I have seen or heard about some tests that made this point very solidly. I recall one homework assignment when I was an undergraduate student taking an introduction to probability theory that was an unsolved research problem. There was no one in the entire world (including the professor) who knew how to solve it. I tried and drew a complete blank. I also remember a couple of questions on exams that seemed to be of the “let’s see if anyone at all can answer this” range of difficulty. Later the professor who had put together one of these exams told me that only 2 students (out of more than 100) had even tried to solve the problem. I have heard of exams in premed classes that appeared to be designed again to separate the strongest students from the merely excellent students. All of these were in STEM fields.
If the professor is not allowed to give out more than 20% A grades, it would seem that they almost have to put something on an exam that only 20% of the class can handle. Otherwise, what do they do if 30% of the class have 100’s on every exam and every homework problem?
I don’t know what the normal grade breaks in that class are, since it’s traditionally heavily curved. Maybe only 10% deserve the curved A. Maybe 70% do. But I would expect a lot of whining over point deductions
I suppose that grade inflation has been affected by student evaluations. Evaluations done after a class is finished as well as sites like Rate My Professor. Access to jobs, tenure and even salary can be tied to these evaluations. What is going to happen now when the students (customers) are unhappy with an A-?

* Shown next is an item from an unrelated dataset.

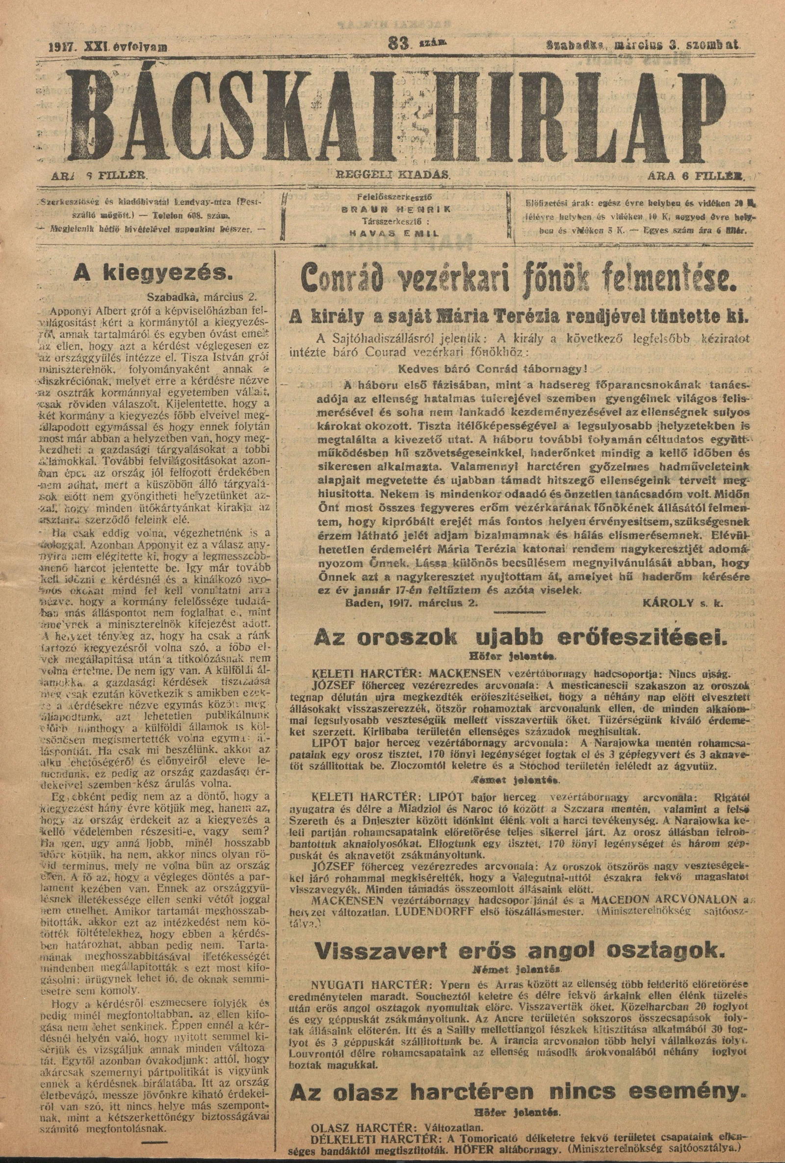 Bácskai Hirlap, 21. évf. 1917. március 3. 83. sz.

Sometimes with all the competition in our culture, people forget the reason for grades. So do they reflect mastery of material, or extraordinary distinction. Personally I prefer the former. Better for everyone’s mental health.
One of my kids had a math teacher in high school who announced at the beginning of class that everyone would be getting an A if they tried to do the work. Tests were taken together so students helped each other. My kid loved it and learned a lot helping others (and being helped). Of course some parents went crazy because they wanted their kids to stand out.

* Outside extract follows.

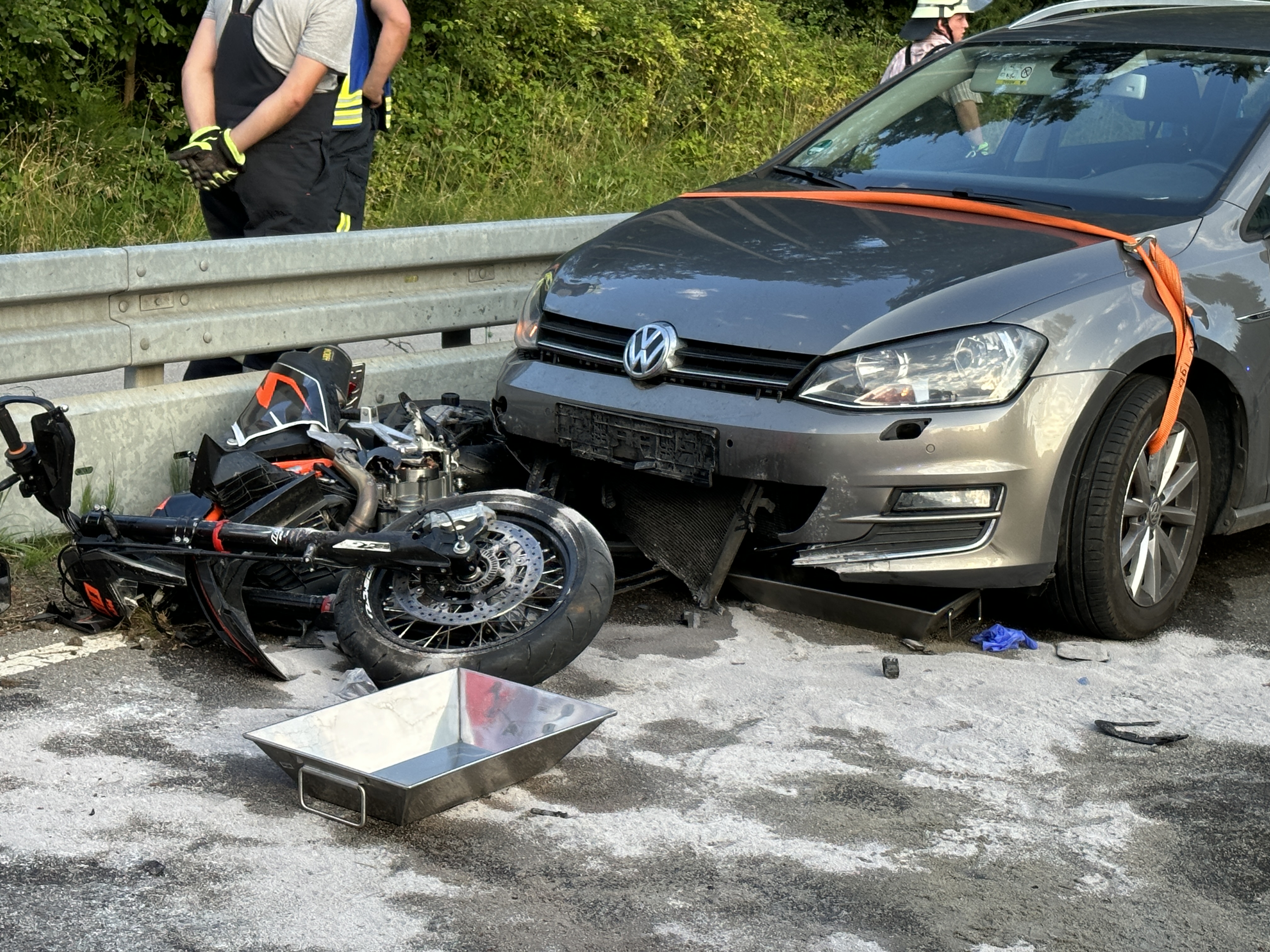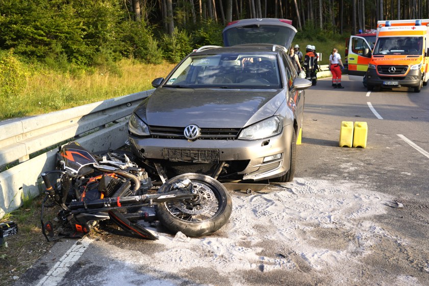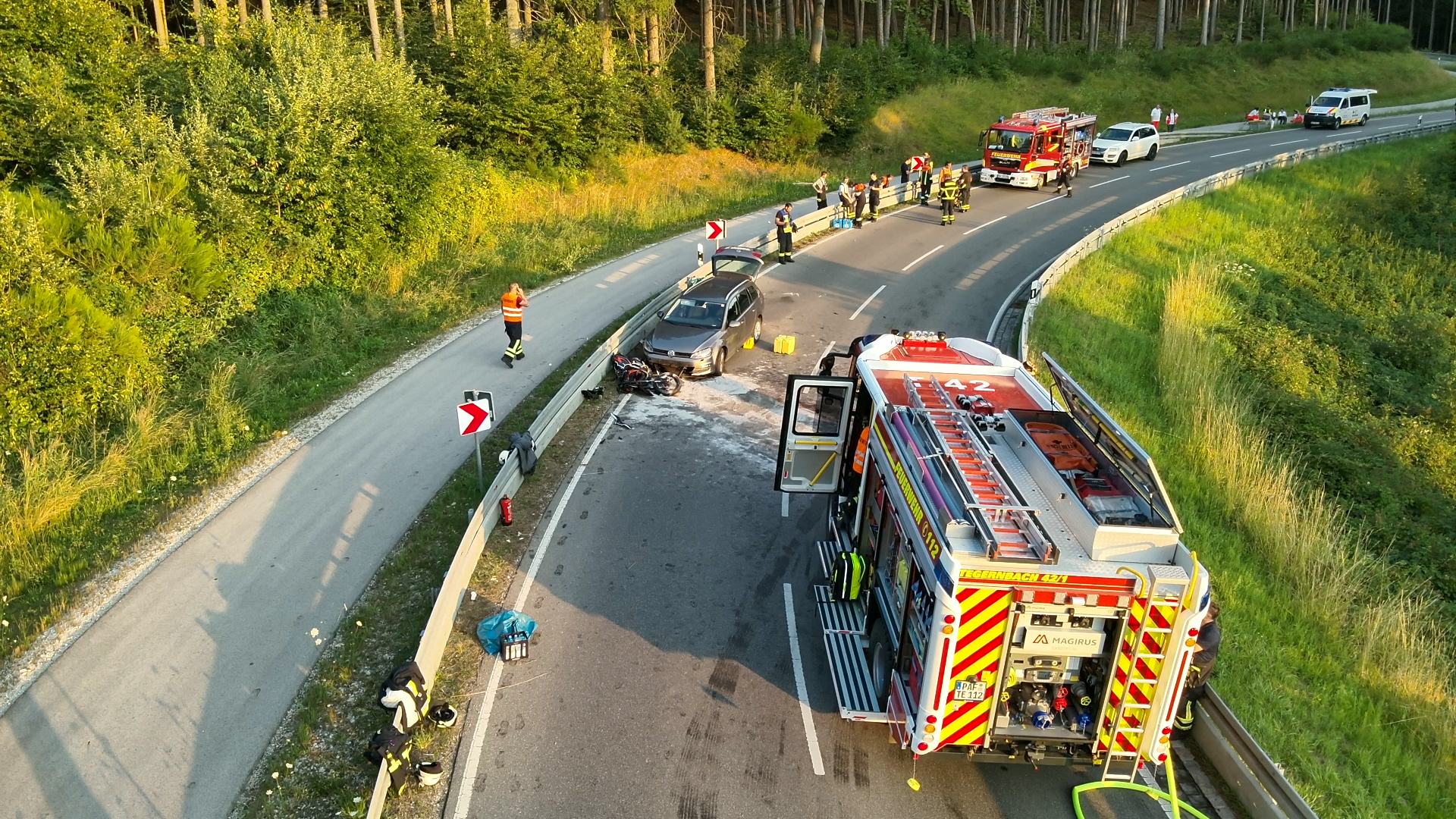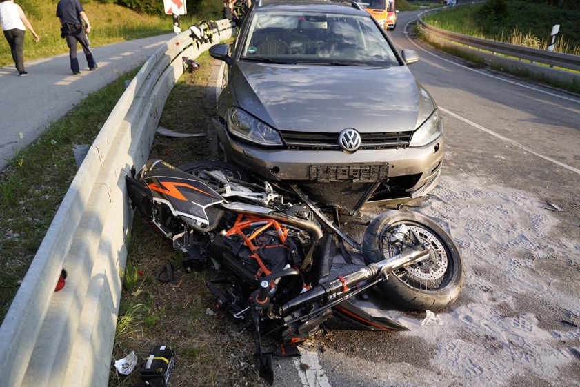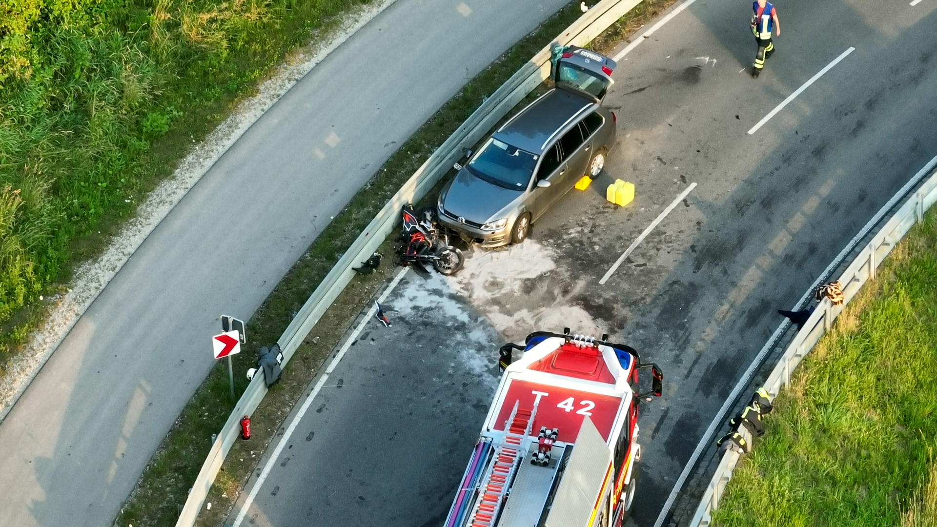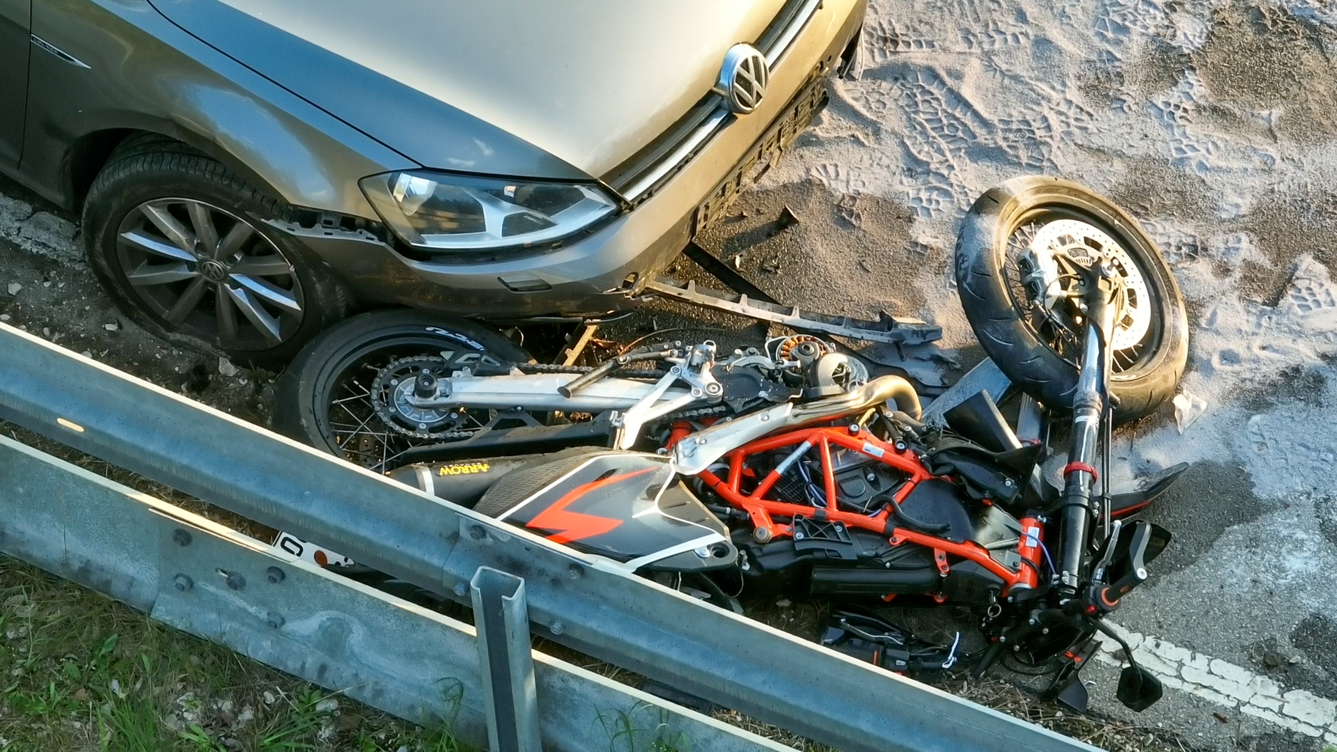 Kollision und Mehrfach-Überschlag: Motorrad-Fahrer (55) schwer verletzt

What is actuallly wrong wtih most students getting A’s? Is the real issue that faculty need to stop dumbing down classes to get reviews, or are all the students actually mastering the material and doing well?
That’s what I thought about when I saw the news. Perhaps the professors have been feeling pressured into giving many more A grades than they actually feel are deserved, due to these external factors. Establishing a university-wide policy is one way for professors to avoid being targeted individually as harsh graders.